Phone-in queen ... Chelsea Peretti
Phone-in queen ... Chelsea Peretti. Photograph: 20th Century Fox

Chelsea Peretti is, as she puts it, “one of the greats”, so it makes sense that she won’t be restrained by a schedule. Call Chelsea Peretti hasn’t been the most prolific of pods this year, but it’s finally out of its “meditative trance” and on form.

Peretti’s presence isn’t a million miles away from her delusionally brilliant character Gina on the cop comedy Brooklyn Nine-Nine. She’s a bag of contradictions. While she welcomes her callers warmly, she’s quick to bin them off. Her supreme confidence is tempered with a good dose of self-doubt. While her distinctive voice (an exaggerated nasal whine prone to bursting into song) isn’t for everyone’s ears, the comedy ridiculousness it brings rewards listeners.

First on the line is a guitar player whose arm once caught fire. “I thought you were shredding so hard on the song that your fuckin’ guitar burst into fliz-ames,” she says in her indifferent drawl, shortly before cutting him off.
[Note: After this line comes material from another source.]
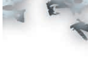
法恐襲兇手與頭顱自拍

法國當局繼續調查氣體工廠恐襲案，透露疑犯薩勒希在被捕前，曾與被他斬首的頭顱自拍，並將照片經手機通訊程式WhatsApp，傳到一個加拿大手機號碼，收件者身處敘利亞，加國公共安全部確認正協助調查。調查員又表示，薩勒希已供認犯案詳情，將把他移送巴

If a flaming limb’s not enough to hold her interest, what is?

“Great stuff,” she deadpans to a man who tells her about being held up at gunpoint while he worked at Domino’s. “Let me ask you this. When you eat pizza, do you cry?”

Peretti is a woman with enough tangents to hold her own when the callers don’t come up with the goods, which is most of the time. “You are all wonderful beings,” she tells her guests after trolling them with Psycho strings, canned laughter and gasps from the imaginary audience.

Her clowning is constant, whether she’s singing Amy Winehouse’s Rehab, wondering if Louis XIV hung out with nature or talking about her addiction to her phone.

“What am I, a Jew magnet?” she ponders after a couple of callers with the same religion. Which brings her on to her love of hot banana bread with cream cheese and her extreme wanderlust. “Is Israel, like, the Miami of somewhere else?” she asks.

The theme, if there is one, turns out to be graduation. Peretti gets a flash of inspiration in the dying minutes of the podcast and before you know it the whole affair has escalated into a one-woman tale of graduating rabbits, rodents becoming all-powerful and humans living under the floorboards. It’s a pretty special conclusion, wrapped up in hysterical laughter. “I feel born again,” she sighs.